CREATE INDEX idx_user_status_created ON users(status, created_at);

Column order rules:

  1. Equality columns first (WHERE col = ?)
  2. Range columns second (WHERE col > ?, BETWEEN)
  3. Sort columns last (ORDER BY)
-- Query:
SELECT * FROM orders
WHERE customer_id = 123 AND status = 'shipped'
ORDER BY created_at DESC;

-- Optimal index:
CREATE INDEX idx_customer_status_created
  ON orders(customer_id, status, created_at);

The "skip scan" limitation: An index on (a, b, c) supports queries on a, a,b, and a,b,c. It does NOT support queries on b only, or a,c (with b skipped) efficiently.

3. Covering Indexes

A covering index contains all columns needed by a query, so the DB never accesses the table:

-- Without covering index: index + table access
EXPLAIN SELECT id, email, name FROM users WHERE email = '[email protected]';
-- Extra: NULL (needs to read table row)

-- With covering index:
CREATE INDEX idx_email_covering ON users(email, name);
EXPLAIN SELECT id, email, name FROM users WHERE email = '[email protected]';
-- Extra: Using index (no table access needed)

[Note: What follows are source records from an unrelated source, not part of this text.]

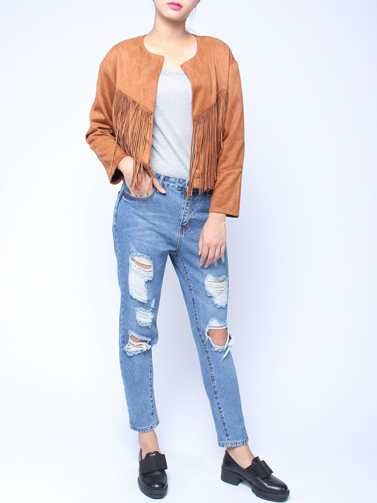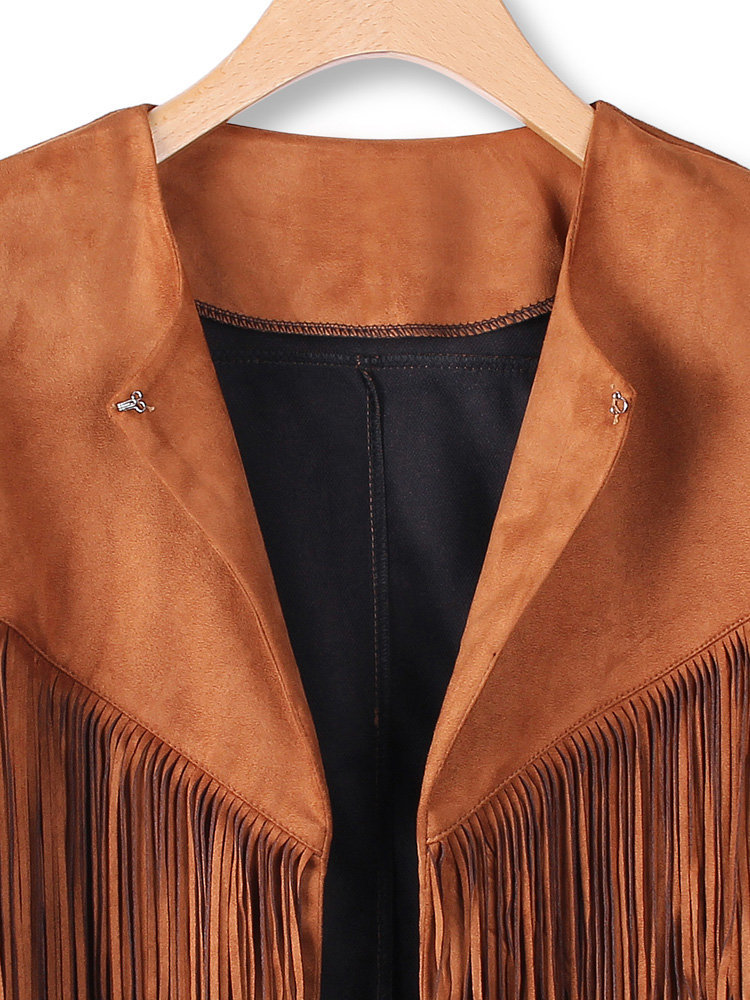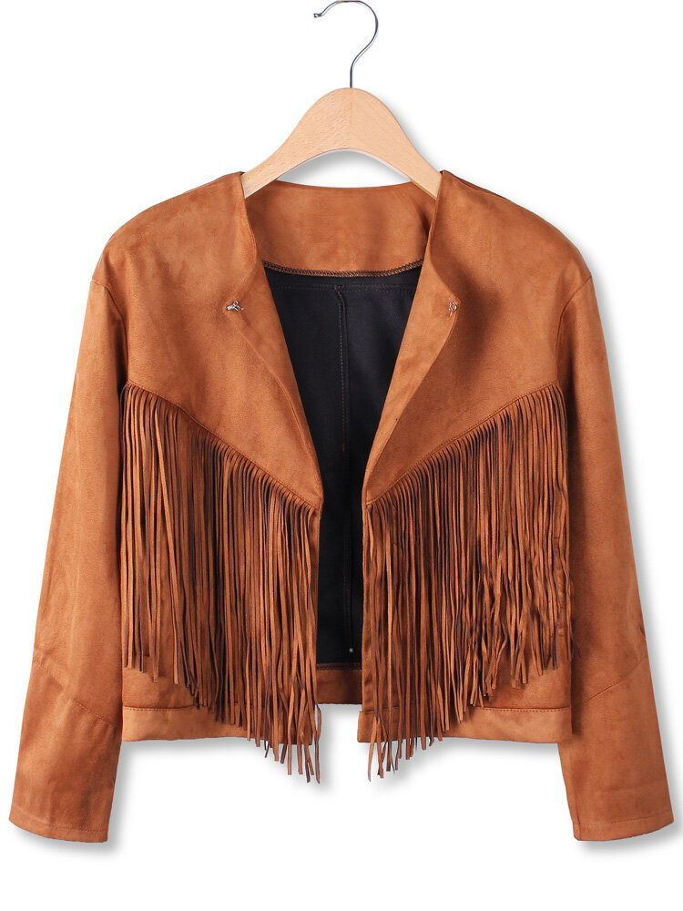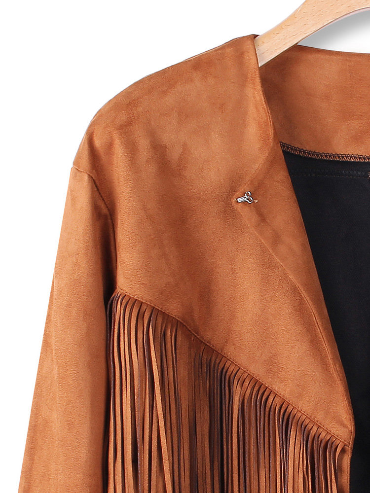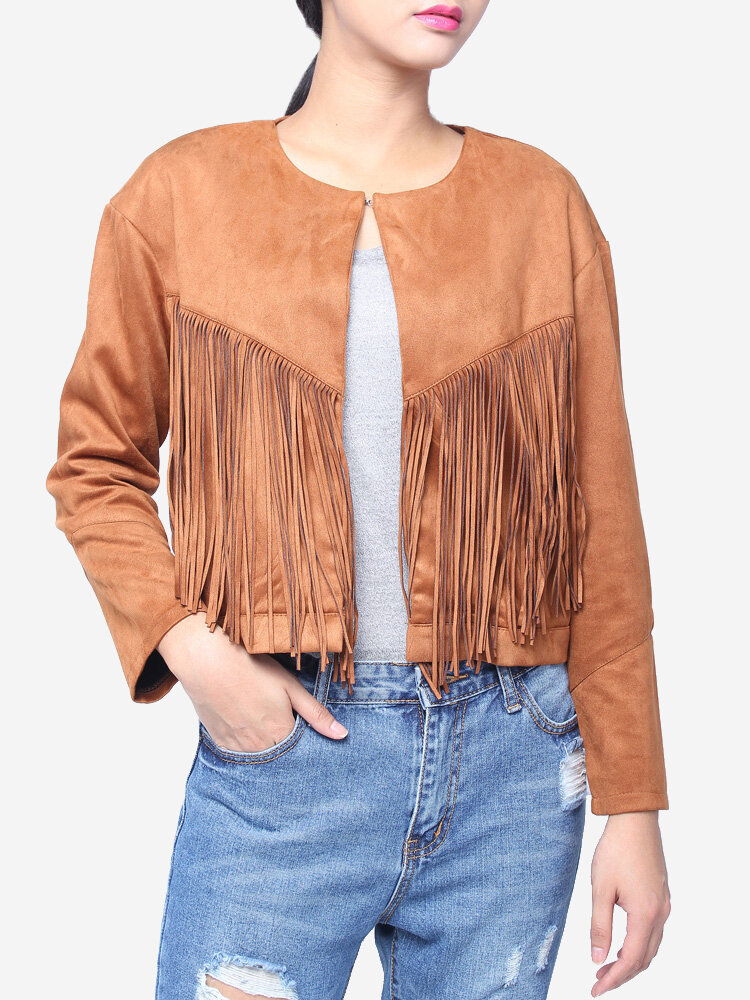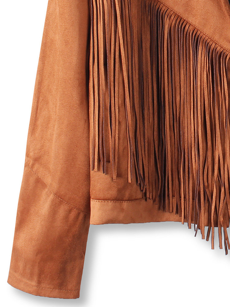 Women Long Sleeve Irregular Tassel Short Jacket Coat
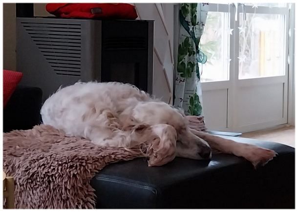 ook hebben!---------- Donderdagmorgen 30 januari. En toch is het zeker voor mij, dit is het laatste jaar Krabbels, niet dat ik geen stukjes meer tik die niet leesbaar zullen zijn, want dat is ook niet zo. Maar wel in een andere vorm, noem ze dan waarschijnlijk wel krabbels, waar ik nu al voorzichtig mee bezig ben. Alles is eindig in het leven en soms, zeg maar vaak, doet het pijn. Tijden veranderen en moet ik nog wel wat mee bewegen, maar deze site bestaat al vanaf 2001 . . . En ja Gordon Setters hebben we ook al een tijd niet meer, blijft ook een pijnpuntje. Maar goed, een feit is dat ik nog altijd met een ouderwets systeem werk wat veel tijd kost en tijd is er wel maar het kan makkelijker en moderner. Volgens Dick ben ik een aparte, houd niet van nieuwe dingen, maar ook bijvoorbeeld auto's, geef mij maar het oude vertrouwde model en zo gaat het heel vaak. Ben een echte stier qua sterrenbeeld en hou niet van veranderingen, vandaar ook dat ik die aantrekkelijke Zweedse man van gisteren maar met rust laat . . . Momenteel loopt er hier een man rond te stekkeren die zijn bril weer eens kwijt is en heb ik heb geadviseerd om er maar een tracker aan te hangen☺ ![]() Hoe lief wil je het hebben? ---------- Woensdagmorgen 29 januari. Oei moest eerst een tikfoutje van gisteren veranderen, zeg niet welke hoor, zo'n domme. Ja en dan, het sneeuwt, nu nog dikke natte zooi maar straks verandert het in droge sneeuw. Fijn voor Elin, die geniet echt van een dik pak sneeuw, wordt er helemaal dol van en dat is zo leuk om te zien, voor haar ook een mazzeltje dat zij in Zweden woont! Dick heeft net weer fijn met ze gewandeld in Skymnäs, waar nog weinig mensen gelopen hebben, alleen ziet hij zijn eigen oude voetstappen! En zoals elke dag en in de middag na mijn ronde, hondjes lekker eten, daarna pakt Elin haar 'speel' en speelt Dick weer een kwartiertje of zo met haar wat zij ook weer zo leuk vindt. De speel is zo'n slappe piepende plastic kip in een lange sok, het kan zo simpel zijn☺ Dan is het tijd voor een diepe slaap, heerlijk vinden wij dat om naar te kijken, Robbedoesje opgerold in de donut, Elin op een vachtje ineengedoken tegen een kussen, zo vredig ♥ Haha Agnes wij vinden elkaar dus gewoon stoer, leuk toch, die ervaringen uitwisselen! En toen kwam ik met een bekentenis tegen Dick . . . Zweedse mannen zijn vaak onweerstaanbaar en nu raakte ik in één klap verliefd . . . Lekker
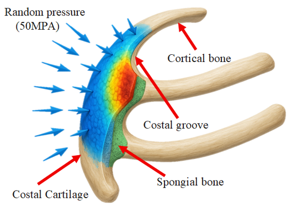 For numerical simulation (finite element method), it is important to represent the anisotropy of the rib bone, the rib-cartilage coupling, and the boundary conditions at costovertebral/sternocostal joints. Contacts should allow for small rotations and sliding, and the cartilage should be modeled as viscoelastic or hyperelastic depending on the loading rate. Loading scenarios include quiet/labored breathing, coughing, Valsalva maneuvers, and upper limb load transfers. Validation can be supported by thoracic pressure-volume curves, videofluoroscopic kinematics, and ex vivo segmental stiffness data (Figure 3 & 4).
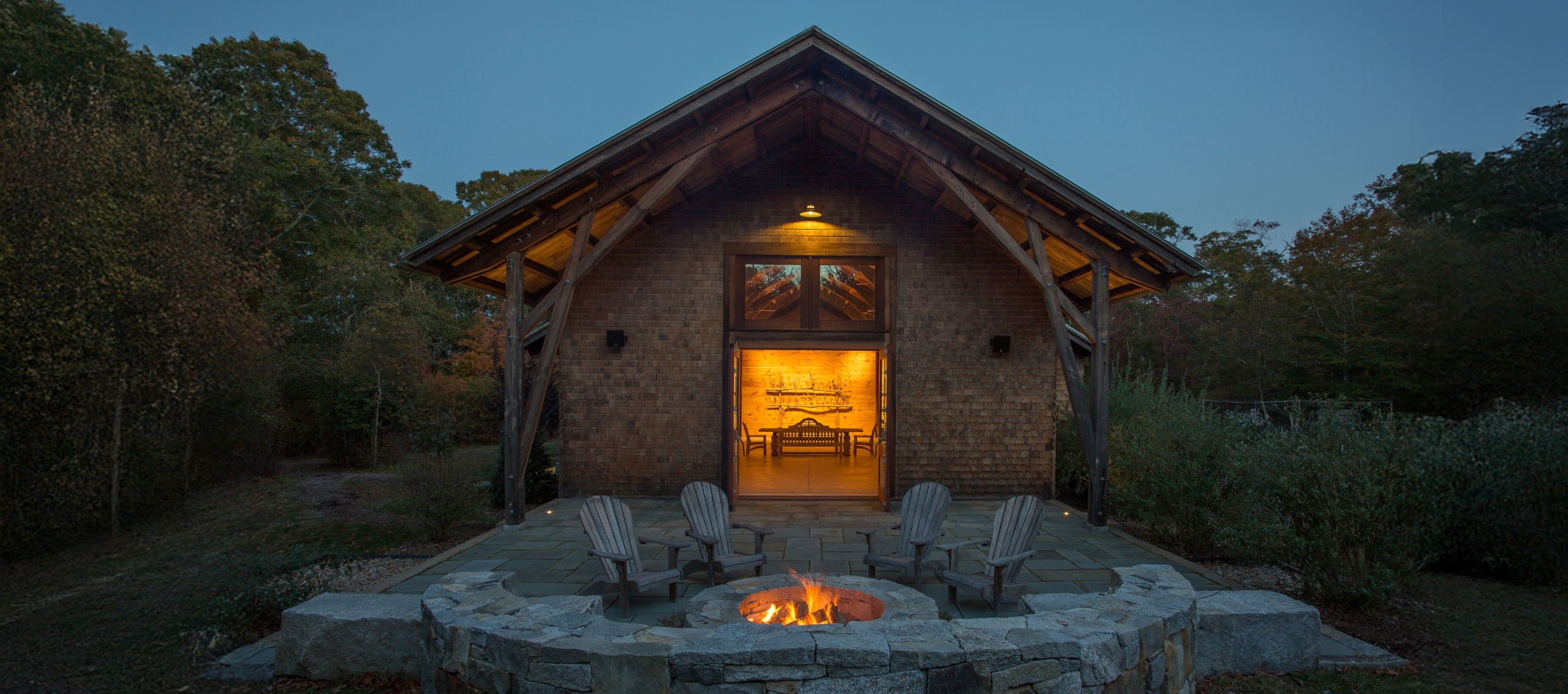 A built-in bar and integrated restrooms provide comfort and flexibility, and oversized redwood doors spill out onto bluestone patios framed by extended roofs, an orchard, and gardens.
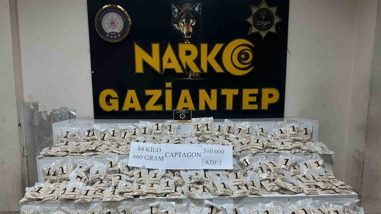 Gaziantep Emniyet Müdürlüğü Narkotik Suçlarla Mücadele Şube Müdürlüğü ekipleri ve Cumhuriyet Başsavcılığı koordinesinde narkotik operasyonu yapıldı. Operasyon çerçevesinde, kent çıkışında yapılan yol kontrolünde şüpheli bir araç durduruldu. Araçta, hassas burunlu dedektör köpek destekli aramalarda çuvallara zulalanmış halde 510 bin adet uyuşturucu captagon hap ele geçirildi. Olayla ilgili 1 şüpheli şahıs gözaltına alındı.
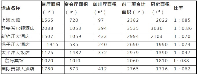 表2 為幾家著名飯店餐廳、宴會廳、咖啡廳與廚房面積統計
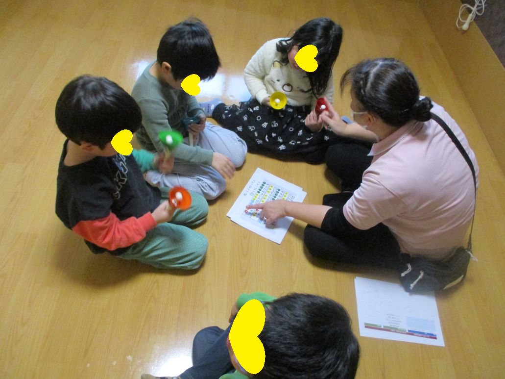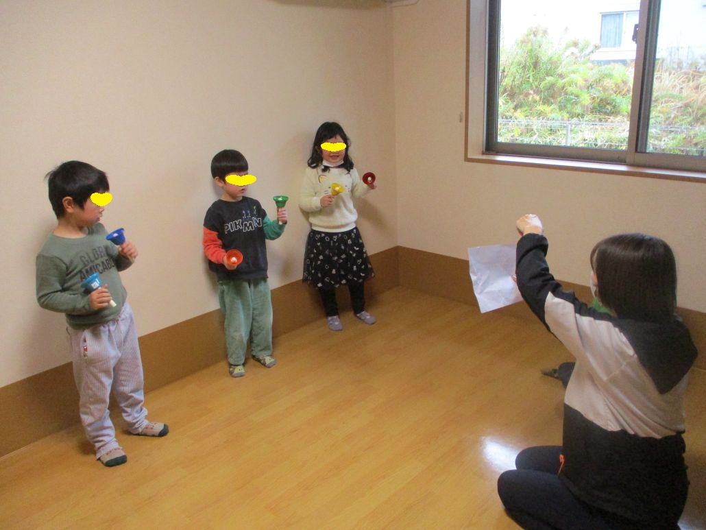 ハンドベル!!午前中に練習をして、午後に高齢者様の前で披露します!
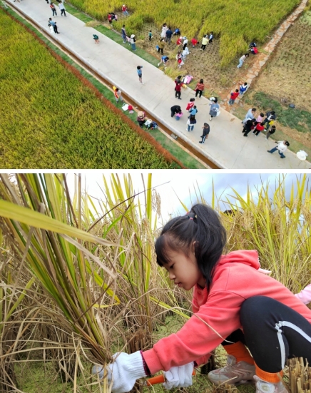 現場最熱鬧的要數水稻田里,孩子們帶著手套、手持鐮刀,在工作人員的指導和父母的幫助下一把一把地割水稻、打稻谷,稻田里的一堂課讓孩子們親身感受收獲的喜悅和“粒粒皆辛苦”的不易
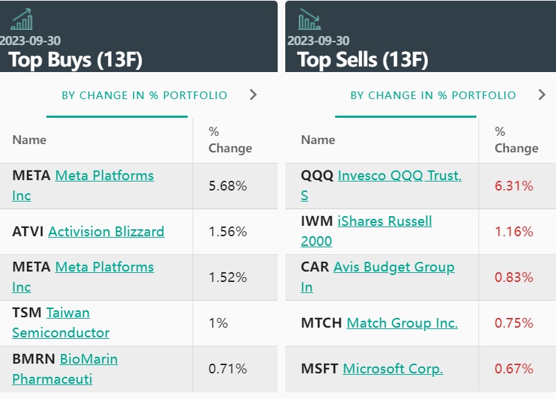 从持仓比例变化来看,野村第三季前五大卖出标的包括:纳指100ETF看涨与看跌期权、罗素2000指数ETF看涨与看跌期权、Avis Budget Group In(CAR.US)、Match Group Inc(MTCH .US)以及微软(MSFT.US)看涨与看跌期权。

4. Cardinality and Selectivity

-- Check cardinality
SHOW INDEX FROM orders;
Column Cardinality Selectivity Indexing Value
id (PK) 1M 100% Excellent
email 1M 100% Excellent
status 5 0.0005% Poor alone, useful in composite
is_active 2 0.0001% Very poor alone

The cardinality trap: An index on status (5 values) matching 20% of rows — full table scan is cheaper. But (status, created_at) is excellent.

5. Partial and Functional Indexes

-- Partial index (PostgreSQL, SQL Server, SQLite)
CREATE INDEX idx_active_users ON users(email) WHERE status = 'active';

-- Functional index (PostgreSQL, MySQL 8.0+, MariaDB 10.2+)
CREATE INDEX idx_lower_email ON users(LOWER(email));

6. Index Maintenance

# PostgreSQL: rebuild indexes
REINDEX INDEX idx_name;

# MySQL/MariaDB: rebuild
ALTER TABLE my_table ENGINE=InnoDB;
# Or: OPTIMIZE TABLE my_table;

When to rebuild: After bulk DELETE (>30% rows), when index size grows disproportionately, during low-traffic windows.

7. The Index Decision Framework

For every slow query:

  1. Is the WHERE clause using an index? (EXPLAIN: key column)
  2. Is ORDER BY using an index? (check for "Using filesort")
  3. Is the query covered? (check for "Using index")
  4. Are JOIN columns indexed? (every FK needs an index)
SET GLOBAL slow_query_log = ON;
SET GLOBAL long_query_time = 0.1;
EXPLAIN FORMAT=JSON SELECT ... G

Summary

Strategy When Example
B-tree Default — equality + range CREATE INDEX ... (default)
Composite Multi-column WHERE + ORDER BY (eq_cols, range_col, sort_col)
Covering High-frequency queries Include all SELECT columns
Partial Filtered subset WHERE status = 'active'
Functional Expression-based queries LOWER(email)

The most important skill is reading EXPLAIN output. Every DDL change should start with "what does the query plan look like?" and end with "did it improve?"